Since the seminal work of Hubbell (2001), the neutral theory of biodiversity has raised much interest by providing a nontrivial null hypothesis against which the nature of real-world biodiversity patterns may be tested and discussed (McGill 2003; Nee & Stone 2003; Volkov *et al.* 2003; Leigh 2007). Under the key assumption of ‘ecological equivalence’, namely that individuals have equal fitness whatever their species or habitat, Hubbell (2001) and followers (Etienne 2005) proposed a two-level spatially implicit neutral model (so-called 2L-SINM by Munoz, Couteron, & Ramesh 2008; see a synthesis in Beeravolu *et al.* 2009 and present Fig. 1a left) to decouple the dynamics of the large biogeographical background (i.e. the metacommunity), in which the effect of infrequent speciation and extinction events is quantified via the biodiversity parameter *θ* (speciation-drift balance), from local community dynamics, which is controlled by the immigration parameter, *I* (migration-drift balance, Etienne & Olff 2004). The theory has found some support from the investigation of very rich tree communities in wet evergreen tropical forests, where alternative models were not satisfactory for explaining some observed diversity patterns, such as the overrepresentation of rare species in the species abundance distributions (SAD) (Hubbell 2001; Chave, Alonso, & Etienne 2006). From a theoretical standpoint, neutral models can help us grasp how the interaction between limited immigration and local ‘ecological drift’ (Hubbell 2001) may influence taxonomic composition. Munoz, Couteron, & Ramesh (2008) have further proposed to relax the assumptions made by Hubbell (2001) at the upper level (i.e. the metacommunity) and to generalize the initial 2L-SINM into a 3L-SINM, by introducing an intermediate level, the regional pool of migrants, which may be shaped by non-neutral influences (Fig. 1a right). Under the 3L-SINM, the study of the local migration-drift equilibrium can be disconnected from non-neutral influences occurring at larger scales, via the estimation of the immigration parameter *I*.

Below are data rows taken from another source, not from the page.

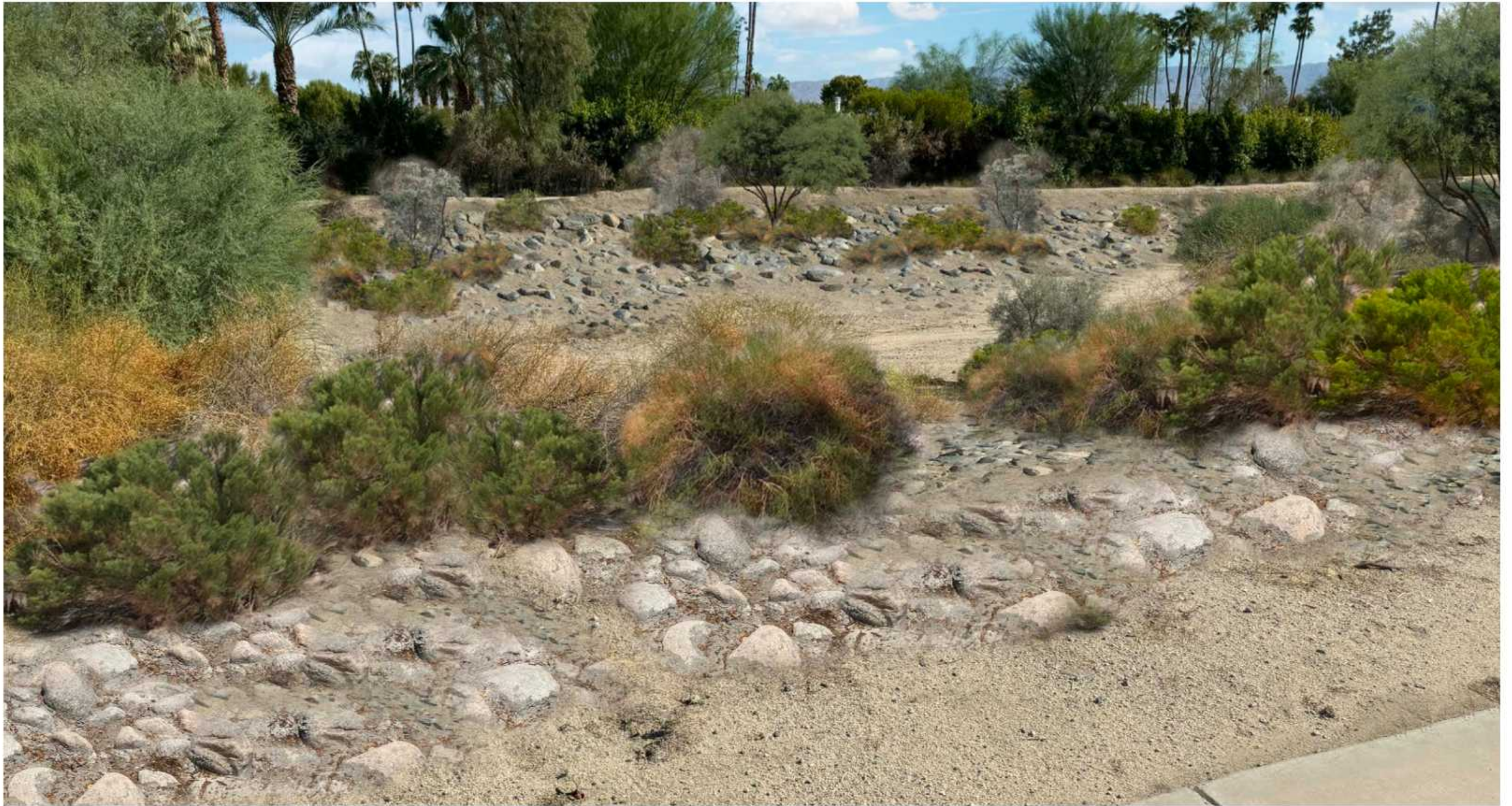
PHOTO 12 PROPOSED CHANNEL IMPROVEMENTS AT MATURITY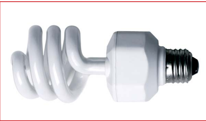
Reduce Energy Usage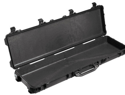
1750NF No Foam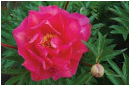
Watermelon Wine ITOH RARE $75 (Anderson, 1999)

Watermelon red, semi-double, midseason, 34" tall, intersectional. Outstanding color! Terminal flower surrounded by side buds for a long bloom season. Striking cut foliage.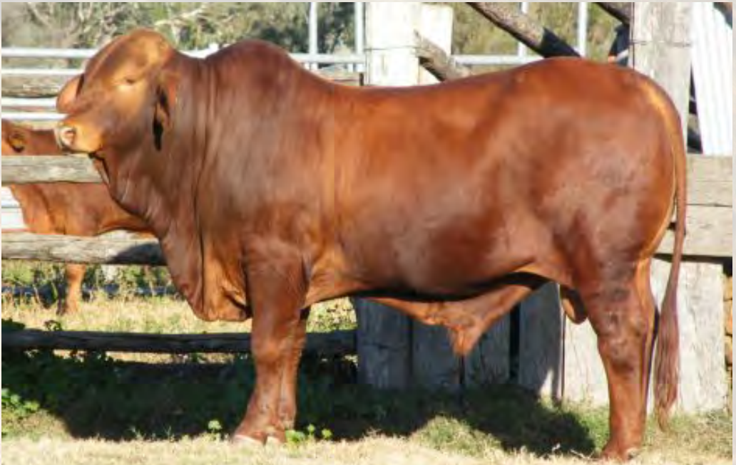
LYNSEY PARK VERNON: One of the best bulls we've ever owned. Sire of lots 3, 4, 17, 56, 63, & 75 Unfortunately lost last year.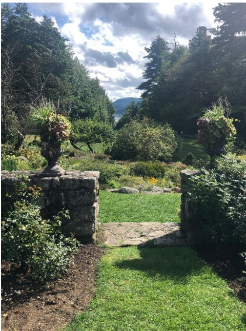
Janet - Garden Scene

We're getting ready for the Club's Photography Show and Contest scheduled in October. There are a number of categories and many members have submitted entries. The photos will be set up in a PowerPoint program for viewing at our meeting. The best photos in each category and the best in show will be selected. We have a talented group of photographers!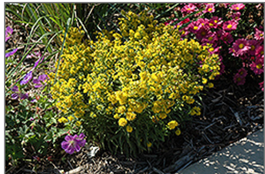
Goldrush Goldenrod in bloom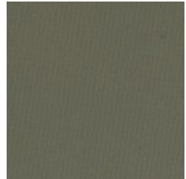
04442.003 ARMY GREEN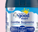
Good Start Gentle Supreme®

Although inferring Hubbell’s parameters motivated a great deal of research in recent years leading to several estimation methods (Volkov *et al.* 2003; Etienne 2005, 2009; Munoz *et al.* 2007; Munoz, Couteron, & Ramesh 2008), the rapidly growing number of applications to real-world data sets has raised questions about how to assess the reliability of the inference, even in the strictly neutral case. Furthermore, published methods have frequently led to substantially differing parameter estimates when applied to the same data sets (see for instance Latimer, Silander, & Cowling 2005; Etienne *et al.* 2006; Etienne 2009, Table 1). The lack of knowledge on confidence limits has discouraged wider and more systematic applications of neutral theory through meta-analyses on parameter values. It is also hindering the development and application of more realistic models of community assemblages. Our aim is to provide such a statistically informed perspective on the estimation of the immigration parameter under the 3L-SINM.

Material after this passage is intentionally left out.